Posteriormente, operação e manutenção passam a concentrar parte significativa da demanda. O calendário do projeto, portanto, deve fazer parte da estratégia de marketing.

Dados transformam uma lista de empresas em estratégia

Uma lista extensa de empresas não representa necessariamente uma boa estratégia de ABM. O valor está na capacidade de transformar dados em prioridades comerciais.

Informações sobre segmento, localização, porte, projetos em andamento e histórico de compras podem ajudar a determinar quais contas merecem maior investimento.

Também é possível utilizar dados de intenção para identificar sinais de interesse.

Pesquisas sobre determinados equipamentos, contratação de serviços ou expansão de unidades podem indicar que uma organização está avaliando soluções relacionadas ao projeto.

Conteúdo técnico aproxima marcas de compradores B2B

Em projetos de infraestrutura, conteúdos técnicos podem ser ferramentas importantes para iniciar relacionamentos com empresas-alvo.

Materiais sobre redução de custos operacionais, critérios de especificação, manutenção, segurança, automação e eficiência energética podem responder a dúvidas que surgem durante diferentes etapas do projeto.

Para compradores técnicos, esse tipo de conteúdo tende a ser mais relevante do que uma comunicação baseada apenas em características comerciais.

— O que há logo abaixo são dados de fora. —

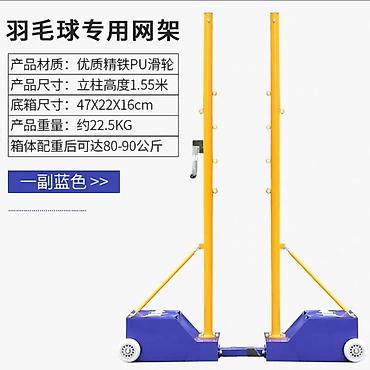 - Конструкция: пара металлических стоек на утяжелённых тележках с колёсами для легкого перемещения; растяжки для жёсткости, точки крепления шнуров/сетей по высоте.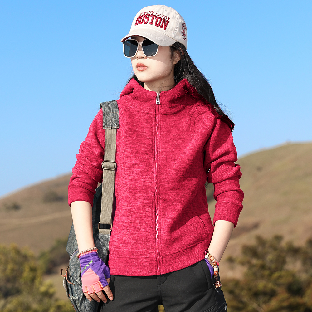 户外连帽抓绒衣女摇粒绒外套秋冬保暖上衣2025新款加绒冲锋衣内胆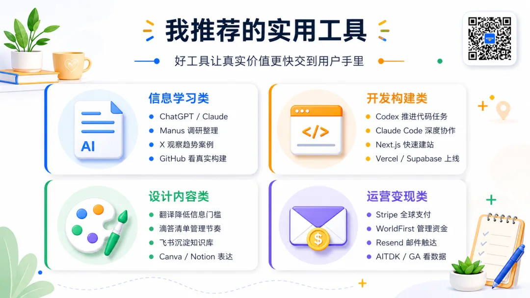 后来我慢慢意识到,工具不是越多越好。对 AI 独立开发者来说,真正有价值的工具,应该能帮你完成四件事:更快获取信息、更快做出产品、更好表达和传播、更稳定完成商业闭环。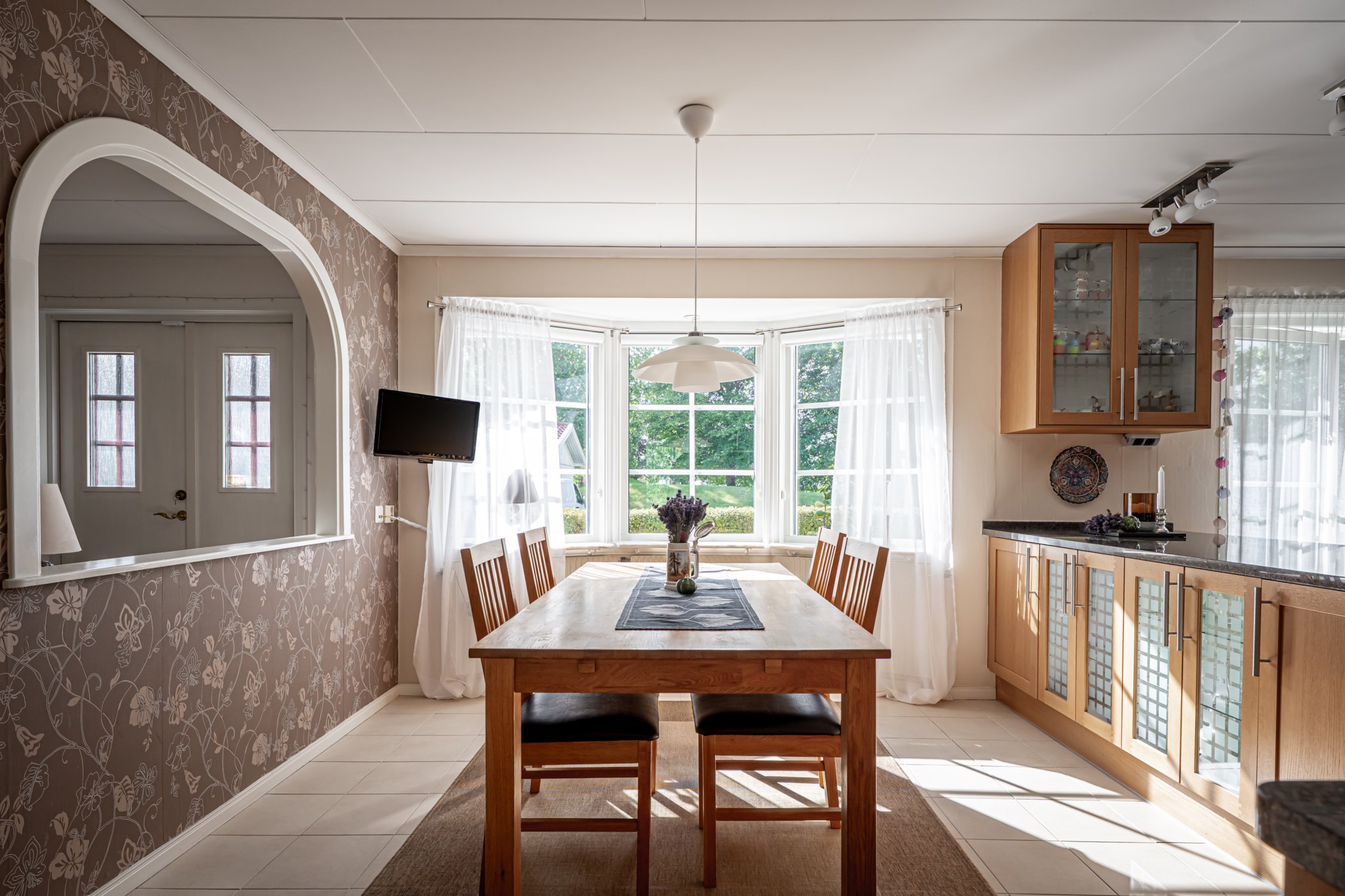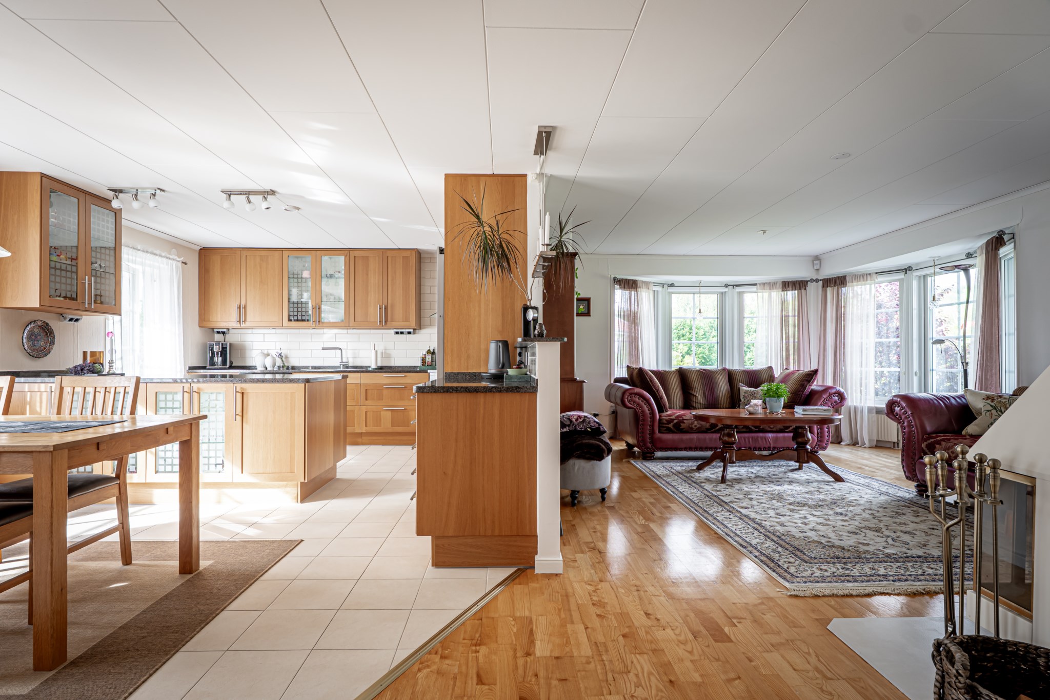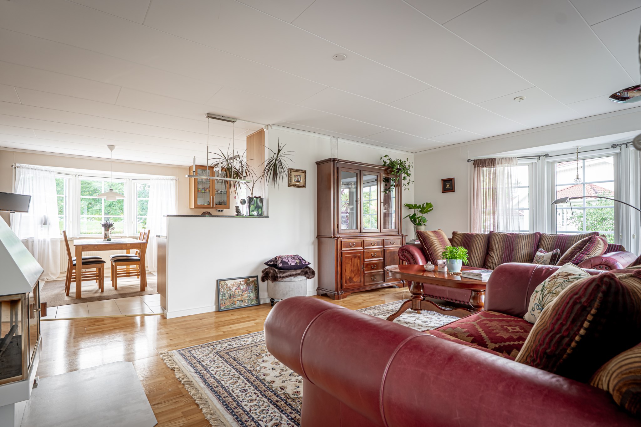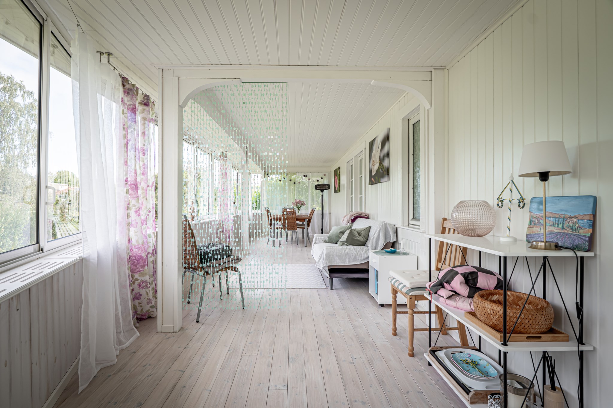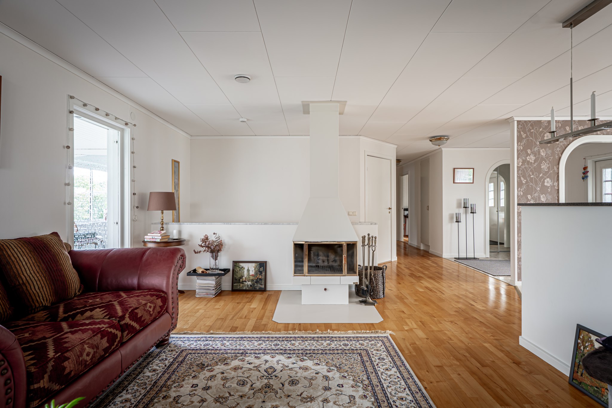 Vidare från köket i en öppen planlösning ligger vardagsrummet med eldstad samt utgång till det inglasade stora uterummet som används som sällskapsyta stor del av året.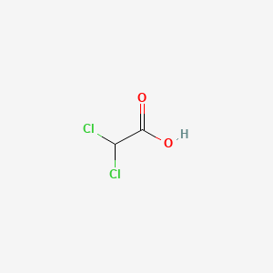This compound is an organochlorine compound comprising acetic acid carrying two chloro substituents at the 2-position. It occurs in nature in seaweed, Asparagopsis taxiformis. It has a role as an astringent and a marine metabolite. It is a monocarboxylic acid and an organochlorine compound. It is functionally related to an acetic acid. It is a conjugate acid of a dichloroacetate.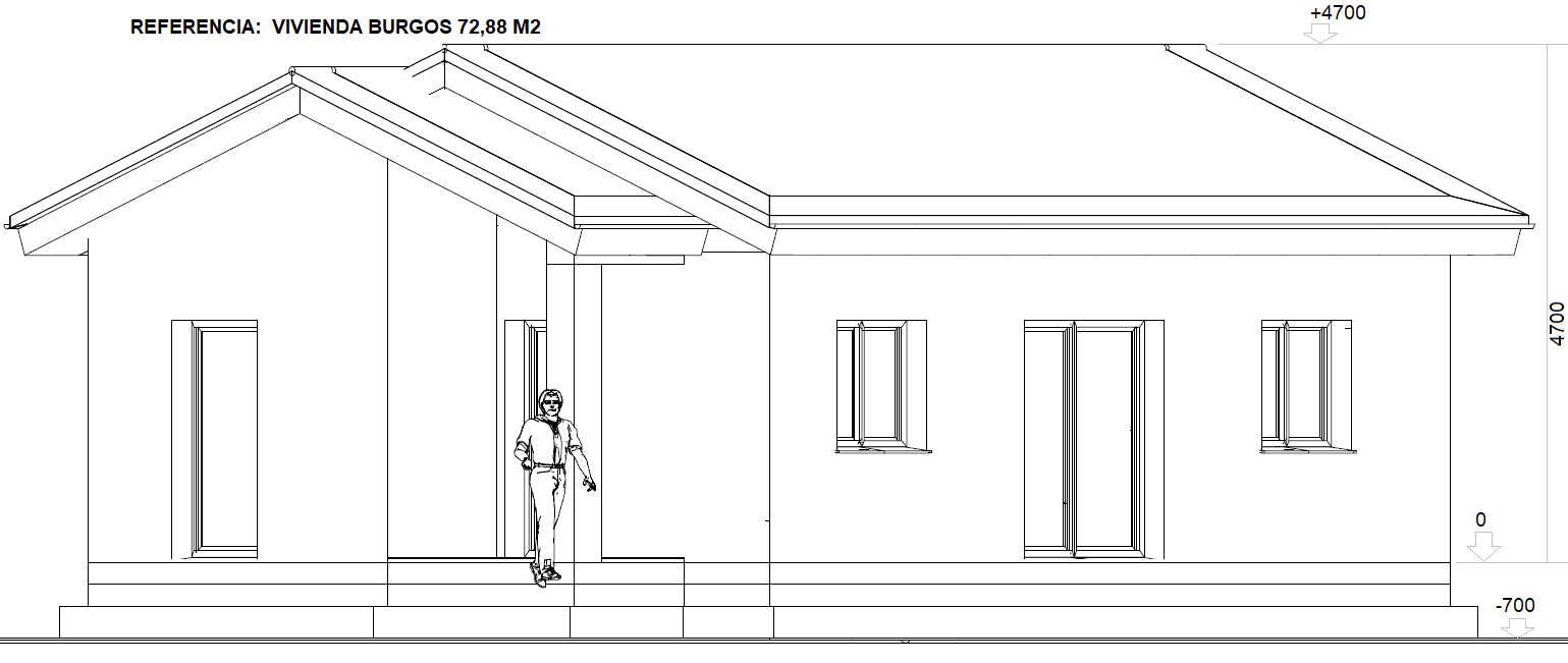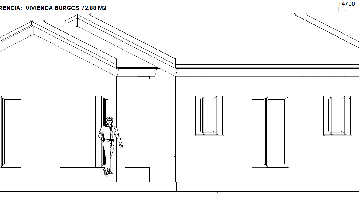 Es una casa prefabricada construida en Burgos en año 2018, con techo inclinado y fachada de hormigón.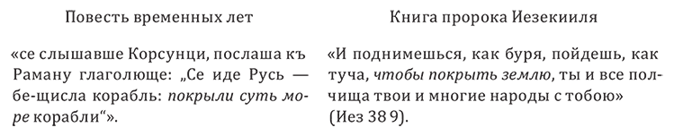 Показательно и то, что в описании бесчинств, которые творит Русь под стенами Константинополя, образы из Хроники Георгия Амартола в рассказе о походе Игоря на Царьград подкрепляются заимствованиями из Жития св. Василия Нового. Так в тексте Повести развивается тема наказания греков за содеянные ими грехи, – тема, которая гораздо яснее звучит именно в Житии Василия Нового. Как считает Д. А. Добровольский, «анализ книжных связей начальной летописи позволяет утверждать, что летописцы XI – начала XII в. целенаправленно строил образ Руси, атакующей Константинополь, по модели «Гога в земле Магог, князя Роша, Мешеха и Фувала». Под названную цель… специально подбирались материалы – выписки из переводных исторических сочинений и фрагменты библейских книг. Однако в Библии князь Гог является важным персонажем мифа о конце света, и может показаться парадоксальным, что «эсхатологический контекст» фактически «обернулся началом истории нового народа» – Руси. Но если вдуматься в особенности иудео-христианской эсхатологии, то ничего странного в подобном ходе мысли нет. Согласно Писанию, появление и разгром народов Гога и Магога должны стать не только знаком гибели нашего мира, но началом новых времен. У Иезекииля вслед за рассказом об истреблении огромного воинства следует подробная… картина восстановленного Храма, поднятого из руин Иерусалима и возрожденного Израильского царства (Иез 40–48). В Откровении Иоанна Богослова обсуждаемый сюжет непосредственно предшествует пророчествам о Страшном Суде, по исполнении которых человечество узрит «новое небо и новую землю, ибо прежнее небо и прежняя земля миновали, и моря уже нет» (Откр 21 1). С точки зрения Церкви, конец света есть не прекращение всякой истории, а переход времени и бытия в принципиально новое качество обо́жения. …Видимо, и масштабные военные предприятия руси рассматривались средневековыми книжниками не как вселенская катастрофа, а как начало некоего принципиально нового периода в истории человечества, периода осуществленных пророчеств и Царства Божия на земле».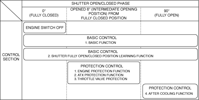 • For ATX protection, when the PCM receives a cooling fan operation request signal from the TCM, the PCM opens the shutter to 90° (fully open position) until the ignition is switched off to prevent the ATF temperature from being excessively high, and also to lower the frequency of fail-safe operations which operate when the ATF temperature is high.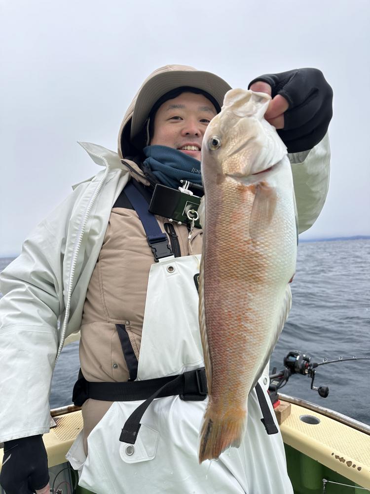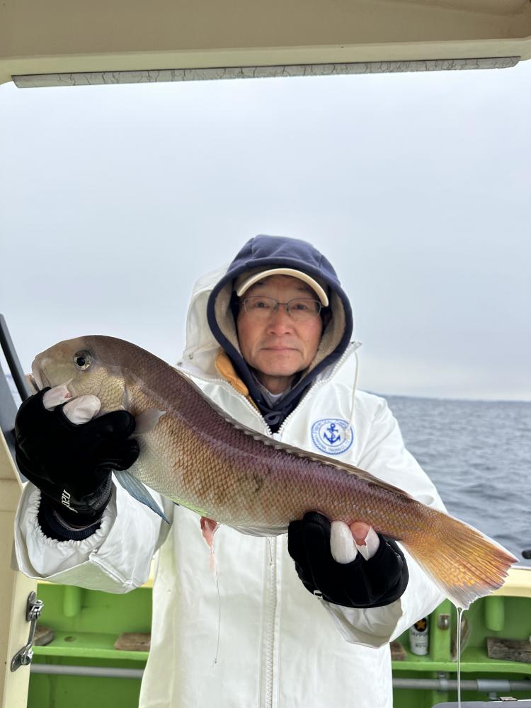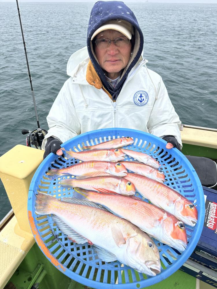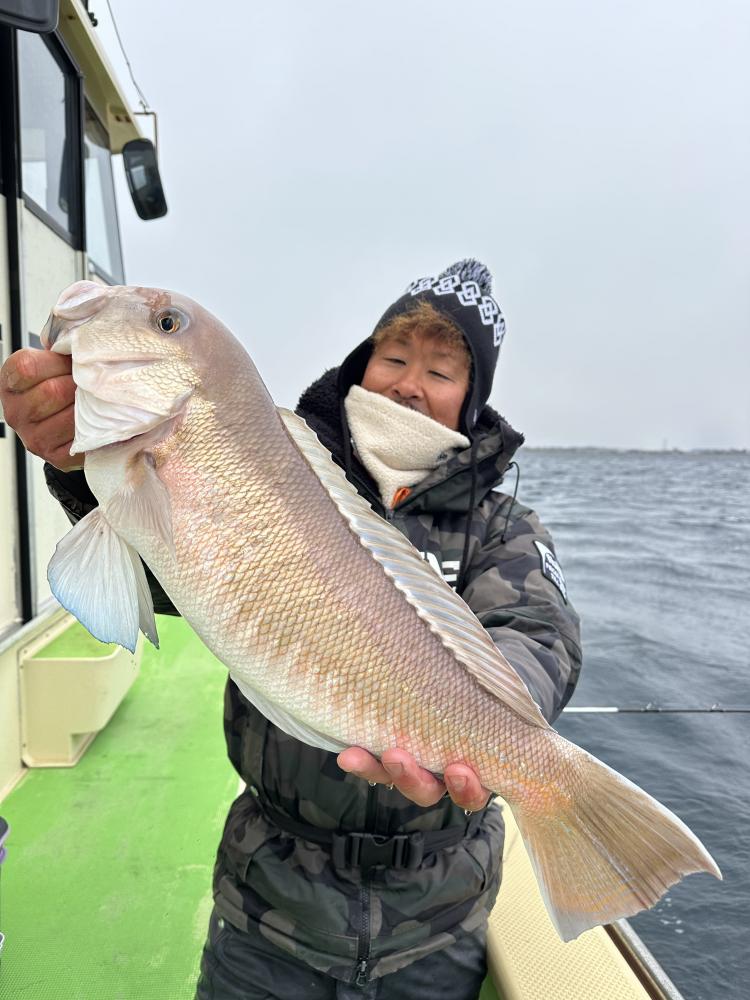 今日は朝イチのシロアマ狙いでデカシロ55㎝、良型44.5㎝、44㎝GETできました。アカアマ狙いは浅場から深場まで顔は見れました。アカアマはなかなかサイズアップできず。8名でトップ9匹、5匹が2名、4匹、寒い中最後まで頑張って頂きましたが1名顔見れずでした。仕掛けは多めに持ってきてください。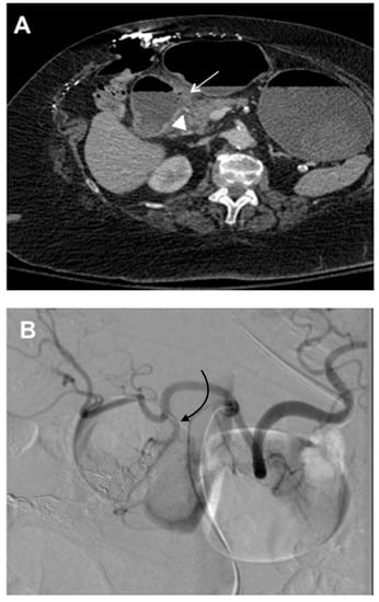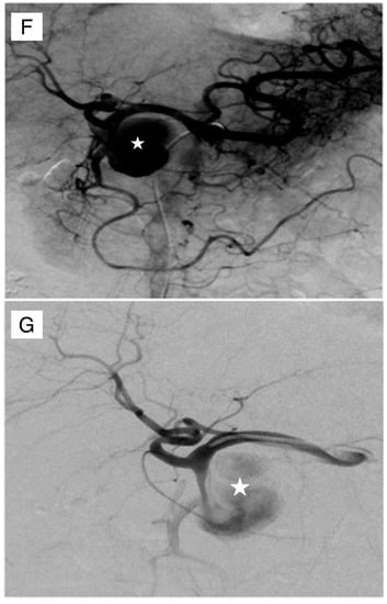 - Kim, D.Y.; Joo, J.K.; Ryu, S.Y.; Kim, Y.J.; Kim, S.K.; Jung, Y.Y. Pseudoaneurysm of gastroduodenal artery following radical gastrectomy for gastric carcinoma patients. World J. Gastroenterol. 2003, 9, 2878. [Google Scholar] [CrossRef] [PubMed]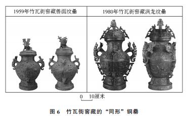 其三,三星堆遗址之后的古蜀文明中,仍然存在“商器商礼”现象。如1959年彭州竹瓦街窖藏出土的5件铜罍中有兽面纹罍2件,形制基本相同,腹部饰兽面纹,肩部饰涡龙纹,蟠龙形盖,通高分别为48、50厘米(图6)。1980年竹瓦街窖藏出土铜罍4件,其中2件涡龙纹罍形制相若,通高分别为69.4、70.2厘米(图6)。这些铜罍,都是商文化的典型器类,并遵循了偶数同形的商礼。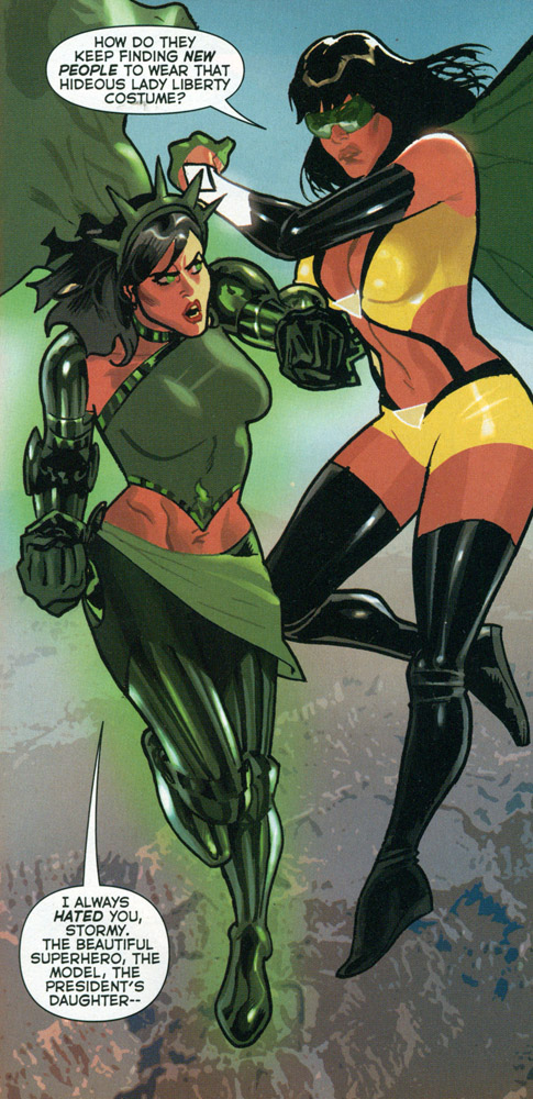Stormy Knight battles Lady Liberty, from Uncle Sam & the Freedom Fighters vol. 1 #5 (2007); art by Daniel Acuña.

Entre os formatos que podem ser utilizados estão:

  1. Guias técnicos: explicam critérios para escolher produtos ou soluções;
  2. Estudos de aplicação: mostram como determinada tecnologia pode ser utilizada;
  3. Checklists: ajudam equipes a avaliar fornecedores e especificações;
  4. Webinars: permitem aprofundar questões técnicas com especialistas;
  5. Cases: apresentam experiências e resultados de aplicações anteriores;
  6. Landing pages segmentadas: concentram informações específicas para cada conta ou setor.

A escolha do formato deve acompanhar o estágio do projeto e o perfil do público envolvido na decisão.

Personalização deve partir dos desafios da conta

Personalizar uma campanha ABM não significa apenas inserir o nome da empresa em um e-mail. A abordagem precisa demonstrar conhecimento sobre o contexto daquela organização e sobre os desafios que ela pode enfrentar.

Para uma construtora responsável por um grande corredor logístico, por exemplo, uma campanha pode abordar produtividade, disponibilidade de equipamentos e manutenção.

Para uma indústria alimentícia em expansão, a comunicação pode destacar eficiência produtiva, segurança, refrigeração ou automação.

Marketing e vendas precisam trabalhar com os mesmos critérios

Projetos de infraestrutura costumam envolver ciclos de vendas longos e múltiplos decisores.

Por isso, marketing e vendas precisam compartilhar informações sobre quais contas estão sendo priorizadas, quais contatos foram identificados e em que etapa cada oportunidade se encontra.

Uma estratégia integrada também permite definir critérios para avançar ou retirar uma conta da campanha.

Se determinada empresa não apresenta projeto ativo ou não possui relação com o produto oferecido, recursos podem ser direcionados para organizações com maior potencial.

Indicadores mostram se as contas certas estão avançando

A avaliação de uma estratégia ABM não deve depender apenas de métricas tradicionais de tráfego.

Como o objetivo é trabalhar contas específicas, os indicadores precisam mostrar se essas organizações estão avançando no relacionamento com a marca.

Entre os principais indicadores estão:

  • quantidade de contas estratégicas alcançadas;
  • engajamento das empresas-alvo;
  • número de contatos qualificados por conta;
  • reuniões comerciais geradas;
  • oportunidades abertas;
  • tempo de permanência no funil;
  • valor potencial das oportunidades;
  • taxa de conversão por conta.

Esses dados permitem identificar quais segmentos apresentam maior potencial e quais abordagens precisam ser ajustadas. A análise também ajuda a aproximar os resultados de marketing dos objetivos comerciais.

Infraestrutura cria oportunidades para ABM orientado por dados

Grandes projetos de infraestrutura geram oportunidades B2B, mas exigem o mapeamento de projetos, empresas e decisores.

O Account-Based Marketing transforma esses dados em campanhas direcionadas e mais estratégicas.

Para fornecedores da indústria, do agronegócio, da logística e da indústria alimentícia, acompanhar a evolução de projetos de infraestrutura pode funcionar como uma fonte de inteligência comercial.